> _Task goal_: Quote from the first line below through the line that contains "Women's amenity kit", both included, and leave the pictures out.

> _Data shown_:
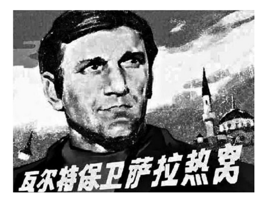
Figure 1. Poster.

His figure as national hero in these off-screen materials is directly dictated by codes of the Yugoslav war film: the posters feature him with a stern expression, in military uniform, brandishing a weapon, while the partisan cap and communist slogans indicate the Partisan specificity of this war iconography. The reason for his immense popular appeal in China
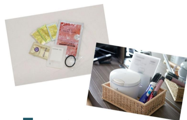
Women's amenity kit
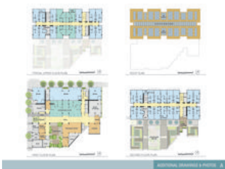
Additional Images - First Image - Photo Credit: LMS Architects

> _Task result_:
Figure 1. Poster.

His figure as national hero in these off-screen materials is directly dictated by codes of the Yugoslav war film: the posters feature him with a stern expression, in military uniform, brandishing a weapon, while the partisan cap and communist slogans indicate the Partisan specificity of this war iconography. The reason for his immense popular appeal in China
Women's amenity kit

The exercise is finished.